Только вот Костя становится опаснее с каждым днем, мне страшно. Он постоянно угрожает, что если я уйду от него, то сделает так, что Максика выгонят из летного. А если я буду рассказывать людям о том, что он со мной делает, то определит меня в психушку. А это его надо в психушку, если он уже не ограничивается руками, а даже хватается за нож. Грозился сбросить с балкона. А что тогда с Ванечкой будет? Может все-таки сбежать?



Константин Сергеевич, летчик.

Ночь, рейс завершен, следующий послезавтра. Можно ехать домой, но я останусь до утра здесь, в зале ожидания. Не хочу тревожить Катю. Она сейчас спит, лицо во сне спокойное, красивое и расслабленное, рядом сопит Ванечка, сын. Его ночью не разбудишь, хоть из пушки стреляй, очень крепкий сон. А вот Катя, если я рядом, спит очень чутко, нервно, барахтается на поверхности сна, вздрагивает.

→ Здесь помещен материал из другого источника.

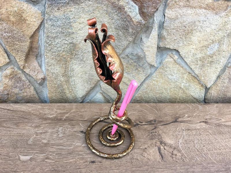 Ищете необычный и уникальный держатель для ручек? Вот он! Подставка для ручек может быть не только простой подставкой для ручек, но и настоящим шедевром, который украсит ваш дом, офис и подчеркнет особенности интерьера. Кованая вручную подставка для ручек, изготовленная в виде экзотического цветка. Размер: Высота: 24 см Ширина: 10 см Добавьте очарования своему дому с помощью одной из этих милых поделок! Хороший подарок на день рождения, годовщину свадьбы (6 (железо), 11 (сталь)), подставка для карандашей, День матери и многие другие поводы. Это универсальный подарок на многие случаи.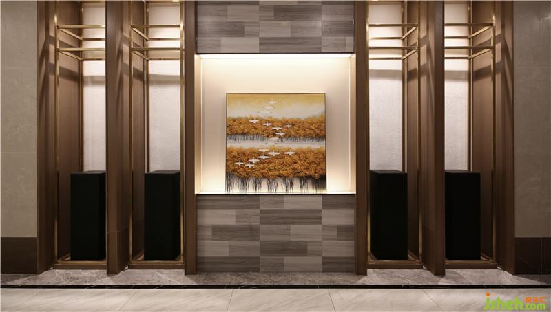 走廊区域还兼顾了工艺品及企业文化、酒品的展示功能,而圆形的竹子透景,使空间增添了宁静的意境。结合局部金属线条,让出入粤宴楼的来宾感受到了尊贵的体验感。
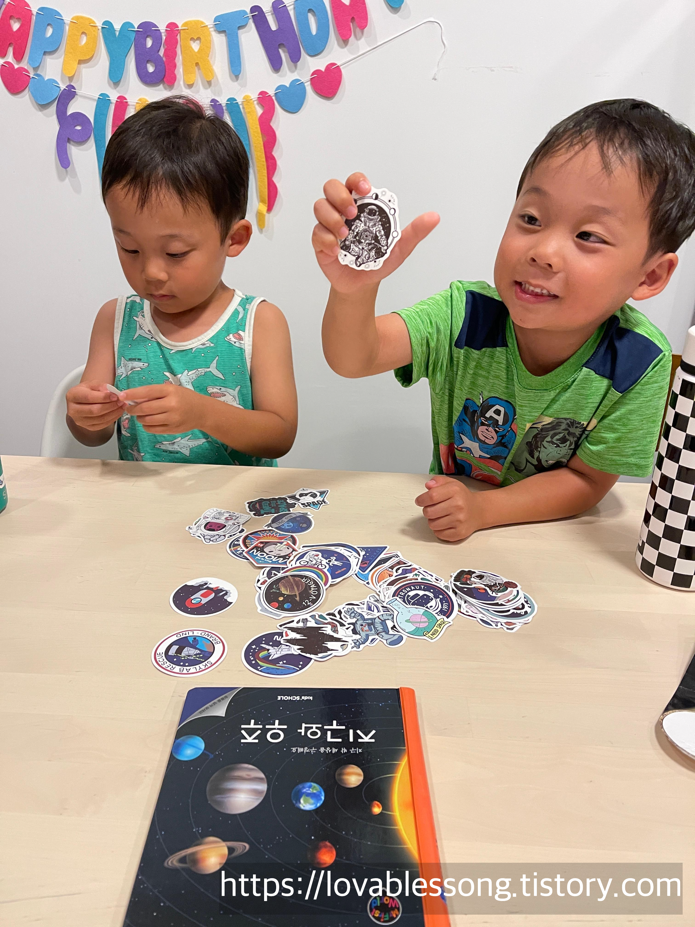이제 독후활동 시작. 독후활동 할겸 새로산 텀블러를 같이 꾸며볼겸 구입한 우주스티커. 아이들과 우주스티커를 보면서 우리가 나눴던 이야기를 다시 한번 상기해보고, 아이들이 고른 스티커가 왜 좋은지도 말해보았다. 그리고 고른 스티커로 텀블러 꾸미기까지 완성.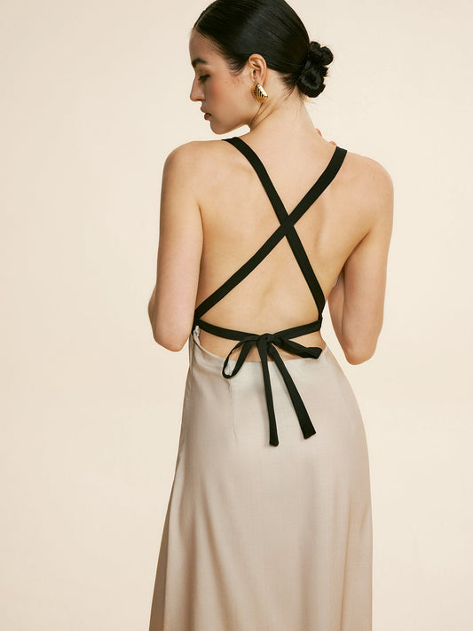İNDİRİM 4%Kontrast Bağlama Detaylı Maxi Elbise
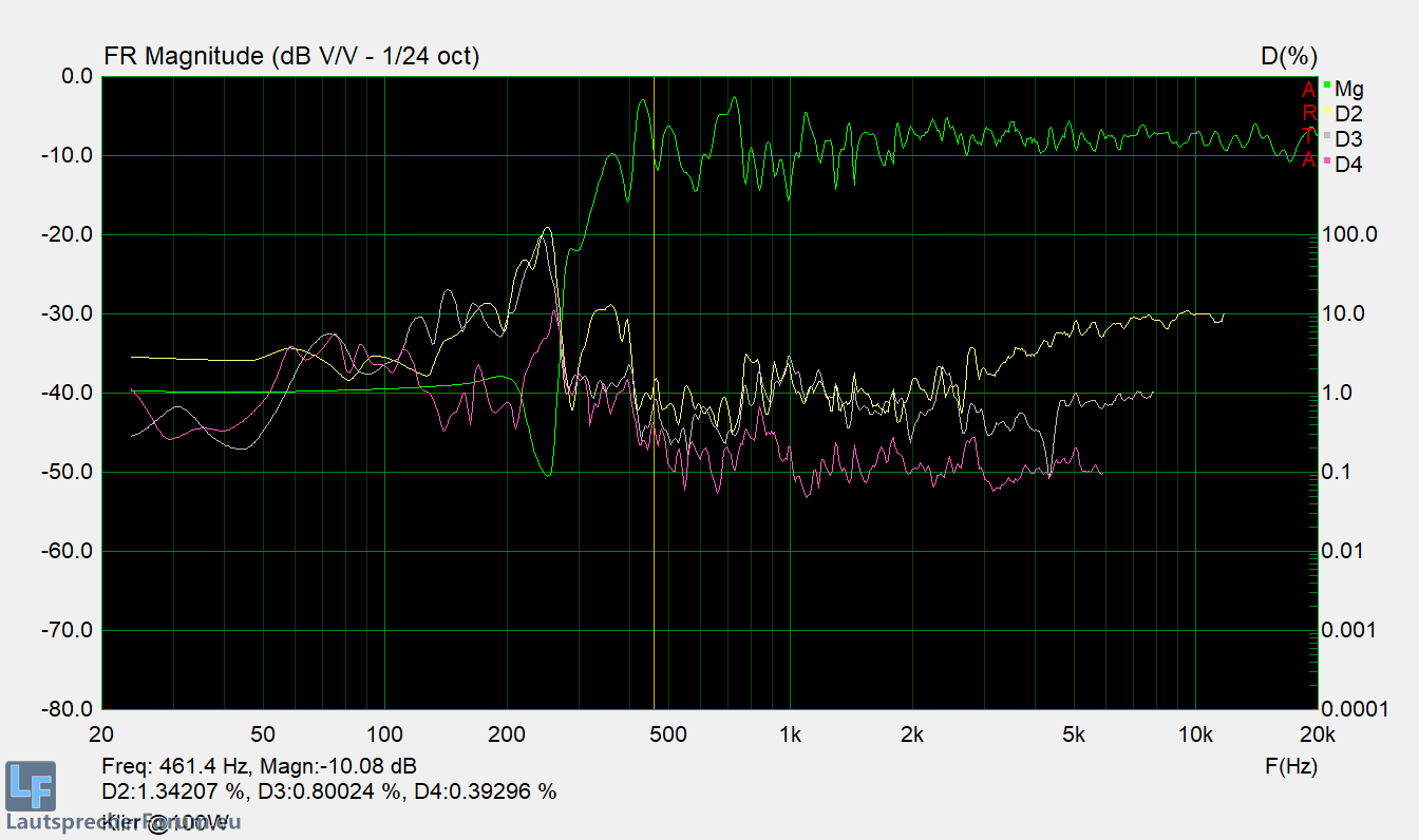 Neben dem Ausschwingverhalten besonders interessant sind nun die Verzerrungsmessungen. Mit Rücksicht auf das Chassis wurde eher konservativ gemessen - damit die Bewertung dennoch aussagekräftig im Hinblick auf die spätere Verwendung ist, mit 3 verschiedenen HP-Filtern.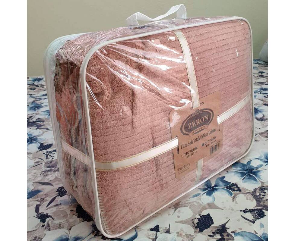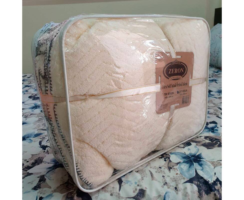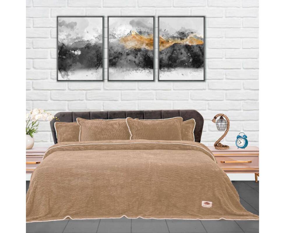 Плед-покрывало жаккардовое Welsoft 220х240 с наволочками 50х70 косичка бежевый Zeron (19568)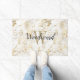 This chic, elegant design features a white and gold marble background. Personalise it with your monogram initial in gold coloured serif font and your family's name in charcoal grey calligraphy script.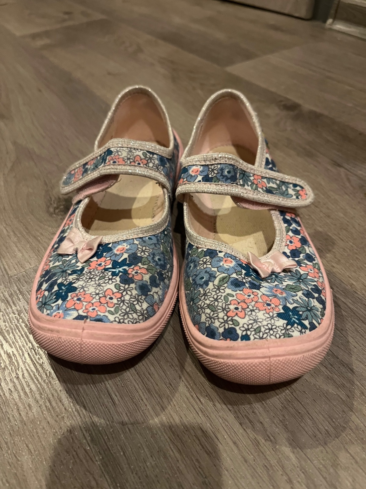 Protiskluzna podrážka,uvnitr beránek. Na jedné chybi par ťuplíků protiskluzu, jinak bez vad. Velikost odhaduji dle dcery na 33-34

Это началось после рождения сына. Беременность проходила легко, несмотря на то, что Кате было уже тридцать пять тогда. Мы были очень счастливы, ждали девочку. А родился сын, Иван. Роды были тяжелые, с осложнениями, жена мучалась больше десяти часов, я метался по больнице, сходил с ума от бессилия потерять ее, потерять свою любовь. Все закончилось хорошо, но через несколько дней, когда Катя с ребенком уже была дома, я впервые поймал на себе ее странный, чужой взгляд. Настороженный, недоверчивый, тяжелый.
Она менялась постепенно, поначалу это было совсем незаметно, редкие эпизоды. Я списывал это на сложности быта с маленьким ребенком, хотя я тогда взял отпуск, все время проводил дома. Максима на лето отправили к моей матери.
Я сам готовил еду, убирал, гулял с малышом. Катя все чаще стала избегать совместных прогулок, настояла на том, чтобы я спал отдельно, в другой комнате, чтобы она могла спокойно кормить Ванечку по ночам. Она все реже и реже стала смеяться, стала странно реагировать на мои слова. Сжималась, когда я появлялся, опускала глаза, поднимала плечи, втягивала голову.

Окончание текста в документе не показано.